The difference is that pointers to int do not own the ints that they point to, whereas a vector<int> does own the contained ints. A vector<int> can be conceptualised as a struct with int members, where the number of members just happens to be variable.
If you want to create a function that can modify the values contained in the vector but not the vector itself then you should design the function to accept iterator arguments.
Example:
void setAllToOne(std::vector<int>::iterator begin, std::vector<int>::iterator end)
{
std::for_each(begin, end, [](int& elem) { elem = 1; });
}
If you can afford to put the desired functionality in a header, then it can be made generic as:
template<typename OutputIterator>
void setAllToOne(OutputIterator begin, OutputIterator end)
{
typedef typename iterator_traits<OutputIterator>::reference ref;
std::for_each(begin, end, [](ref elem) { elem = 1; });
}
One big problem syntactically with what you suggest is this: a std::vector<const T> is not the same type as a std::vector<T>. Therefore, you could not pass a vector<T> to a function that expects a vector<const T> without some kind of conversion. Not a simple cast, but the creation of a new vector<const T>. And that new one could not simply share data with the old; it would have to either copy or move the data from the old one to the new one.

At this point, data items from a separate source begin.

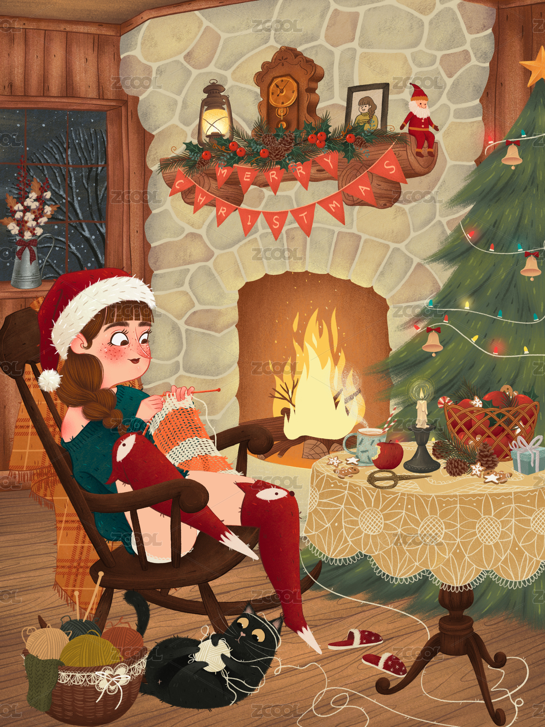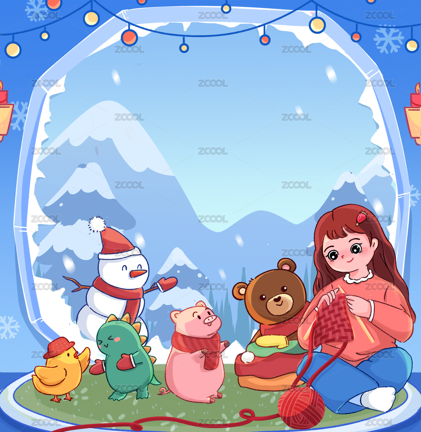 十二月圣誕節(jié)下雪女孩織毛衣手繪插畫(huà)海報(bào)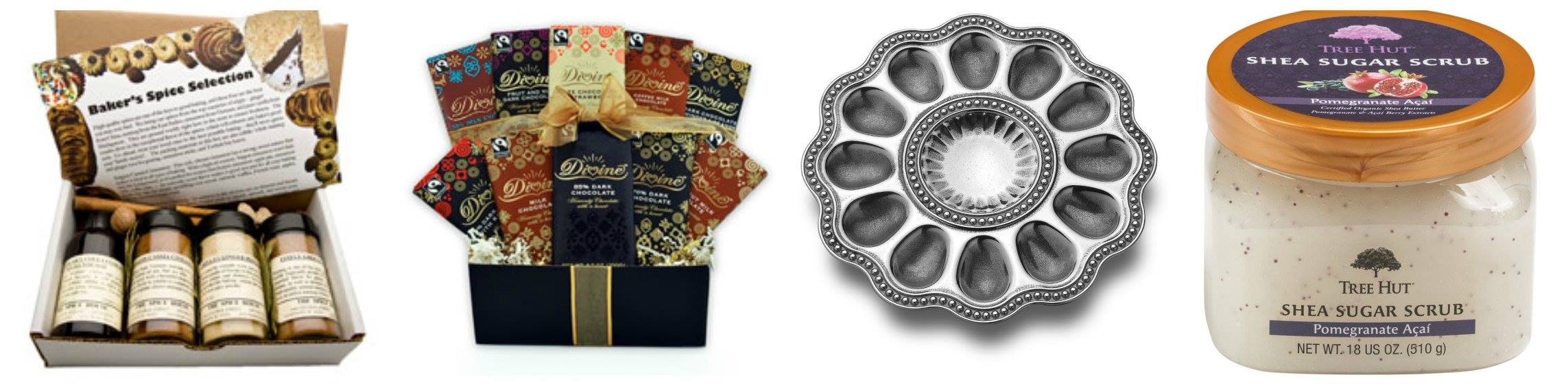 We would like to give a huge thank you to the companies that made this give away possible. Thank you to John Boos for the beautiful maple cutting board, The Spice House for their spice and baking gift sets, Divine Chocolate for their luxuriously rich Fair Trade Chocolate gift basket, Wilton Armetale for the elegant egg plate, and Tree Hut for the body scrub and lotion.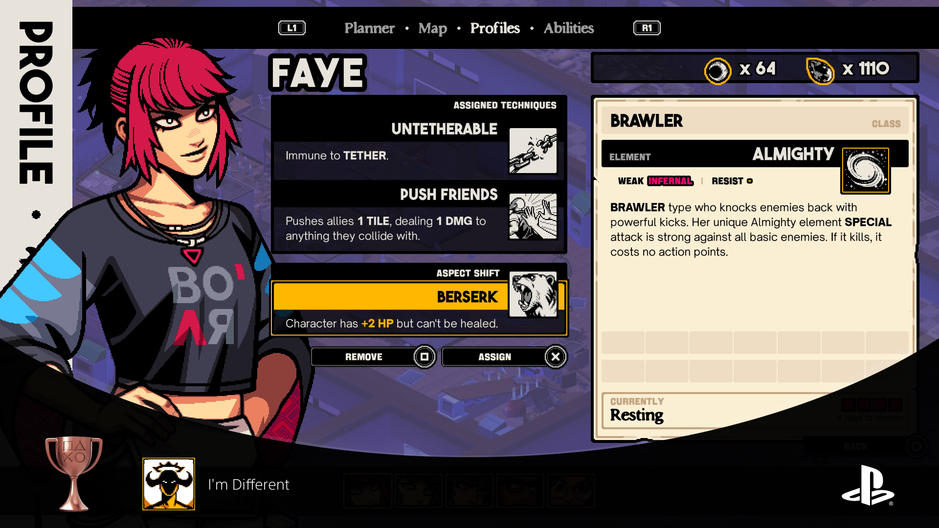 То есть сами персонажи никак не прокачиваются. Здесь нет уровней, нет очков опыта, нет древа навыков, уникального для каждого героя, — если не заходить в специальное меню, где «вешаешь» бойцам бонусы, до конца игры они останутся такими же, какими были при первой встрече. Среди «пассивок» есть полезные модификаторы — с одним персонаж будет отбивать дальнобойные атаки, с другим обретёт неуязвимость к определённым атакам, с третьим получит две дополнительные единицы здоровья, но лечить его будет нельзя. Бонусов несколько десятков, и каждый из них может одновременно носить лишь один член отряда.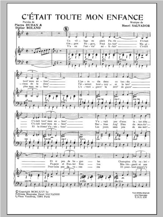 Download or print Henri Salvador C'etait Toute Mon Enfance sheet music, chords and digital score arranged for Piano & Vocal. This Pop score includes 3 page(s).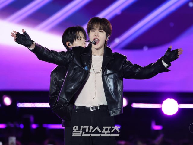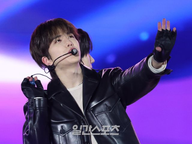 그룹 더보이즈 영훈이 3일 인천 서구 아시아드주경기장에서 열린 'Trend wave Festival 2025 (트렌드웨이브 2025)'에서 관객과 소통하고 있다.

You can get away with this with std::shared_ptr, but that's because those are shared pointers. You can have two objects that reference the same pointer, so the conversion from a std::shared_ptr<T> to shared_ptr<const T> doesn't hurt (beyond bumping the reference count). There is no such thing as a shared_vector.
std::unique_ptr works too because they can only be moved from, not copied. Therefore, only one of them will ever have the pointer.
So what you're asking for is simply not possible.
You are correct, it is not possible to have a vector of const int primarily because the elements will not assignable (requirements for the type of the element contained in the vector).
If you want a function that only modifies the elements of a vector but not add elements to the vector itself, this is primarily what STL does for you -- have functions that are agnostic about which container a sequence of elements is contained in. The function simply takes a pair of iterators and does its thing for that sequence, completely oblivious to the fact that they are contained in a vector.
Look up "insert iterators" for getting to know about how to insert something into a container without needing to know what the elements are. E.g., back_inserter takes a container and all that it cares for is to know that the container has a member function called "push_back".